Start of RECORDS FOR THE TASK

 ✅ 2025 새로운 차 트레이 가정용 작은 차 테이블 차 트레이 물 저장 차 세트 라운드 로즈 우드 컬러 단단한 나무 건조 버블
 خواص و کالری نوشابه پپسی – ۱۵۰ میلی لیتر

End of RECORDS FOR THE TASK
Start of RECORDS FOR THE TASK

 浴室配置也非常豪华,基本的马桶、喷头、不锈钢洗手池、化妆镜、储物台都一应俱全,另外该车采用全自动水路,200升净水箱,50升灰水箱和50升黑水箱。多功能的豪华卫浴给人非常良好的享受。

End of RECORDS FOR THE TASK
Start of RECORDS FOR THE TASK

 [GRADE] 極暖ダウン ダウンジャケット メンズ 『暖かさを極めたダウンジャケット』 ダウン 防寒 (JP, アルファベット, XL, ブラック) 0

End of RECORDS FOR THE TASK

▶ **WORK TASK**:
Could you restate word for word the lines above from the one containing "단단한 나무 건조 버블" through the one containing "خواص و کالری نوشابه پپسی – ۱۵۰ میلی لیتر", both included, and nothing else?

▶ **SOLUTION**:
 ✅ 2025 새로운 차 트레이 가정용 작은 차 테이블 차 트레이 물 저장 차 세트 라운드 로즈 우드 컬러 단단한 나무 건조 버블
 خواص و کالری نوشابه پپسی – ۱۵۰ میلی لیتر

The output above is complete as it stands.